Data collected from the test locations were
compared with free space, and Okumura-
Hata model’s calculations for path loss. The
result obtained clearly depicts that the
Okumura-Hata model predicts better even
with increasing distances from the Base
transceiver Stations
2. TYPE OF PATH-LOSS
PROPAGATION PREDICTION
MODELS
2.1. Theoretical models
It is derived by physical hypothetical
assumption, in addition to some moderate
conditions. For instance, when we consider
the over-rooftop, diffraction model is derived
using physical optics, assuming constant
heights and spacing of buildings [5]. The
propagation models are divided into two
basic types; namely: Free space propagation
and Plane earth propagation model.
2.1.1 Free Space Propagation Model
In free space, the wave is not reflected or
absorbed. Ideal propagation implies equal
radiation in all directions from the radiating
source and propagation to an infinite
distance with no degradation. Spreading the
power over greater areas causes attenuation.

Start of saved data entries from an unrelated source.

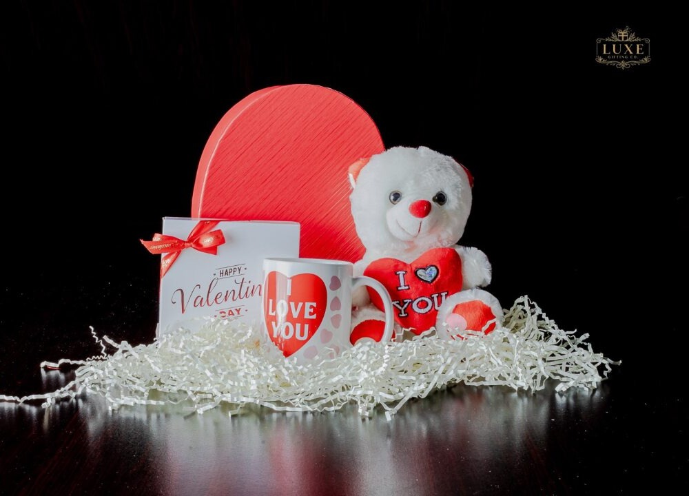 Ignite the romance with this Valentine’s Keepsake Set, a classic expression of affection designed to melt hearts. This charming collection features a velvety “I Love You” teddy bear for cuddles, a matching signature mug for cozy mornings, and a beautifully bowed gift box ready for their favorite treats. Perfectly staged against a passionate red heart, it’s a sweet, timeless gesture that turns an ordinary day into an unforgettable celebration of love.
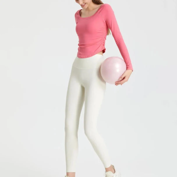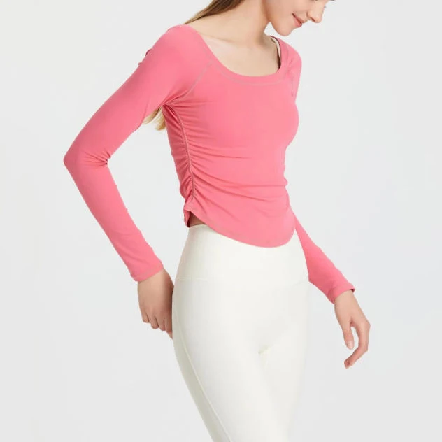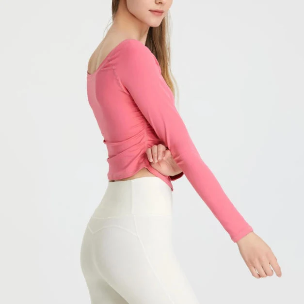 OEM Side Fold Comfortable Gym Breathable Sport Yoga Top Active Wear Women's Low Neckline Long Sleeves Shirts
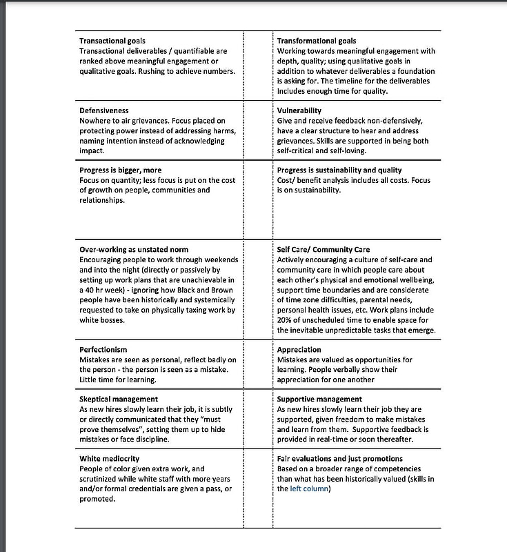 This includes pivoting from such norms as “individualism & seperateness”, “priorities and timelines that perpetuate white supremacy culture”, and “superiority of the nonprofit written word” to “community and collectivism”, “priorities and timelines set for sustainability and equity”, and “all forms of communication valued and taken seriously”, respectively.
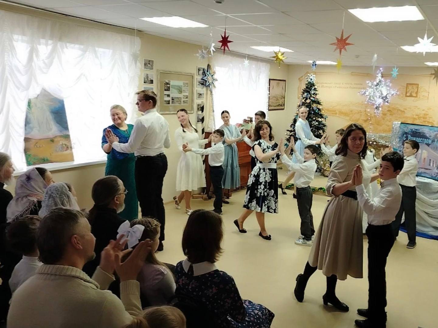 По просьбе организаторов Александр Мартьянов, выпускник ЧУДО ЦДЭР «Созвездие», сделал постановку танца «Рождественский вальс» для мальчиков средней группы с мамами и сёстрами.
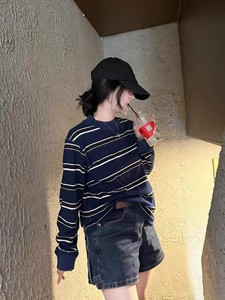 小个子藏蓝色条纹圆领无帽卫衣女早秋季美式慵懒chic宽松短款上衣

Equation (1) illustrates how the power flux
is calculated.
Pd = Pt / 4πd² (1)
Where Pt is known as transmitted power
(W/m2) and Pd is the power at a distance d
from antenna. If the radiating element is
generating a fixed power and this power is
spread over an ever-expanding sphere, the
energy will be spread more thinly as the
sphere expands.
By having identified the power flux
density at any point of a given distance
from the radiator, if a receiver antenna is
placed at this point, the power received by
the antenna can be calculated. The
formulas for calculating the effective
antenna aperture and received power are
shown in equations (2) and (3) below. The
amount of power ‘captured’ by the
antenna at the required distance d, depends
upon the ‘effective aperture’ of the
antenna and the power flux density at the
receiving element. Actual power received
by the antenna depends on the following:
(a) The aperture of receiving antenna Ao,
(b) the wavelength of received signal λ, (c)
and the power flux density at receiving
antenna Pd.
Effective area Ae of an isotropic antenna is:
Ae = λ² / 4π (2)
While power received is:
Pr = Pd × Ae = Pt ×λ² /(4πd)²
(3)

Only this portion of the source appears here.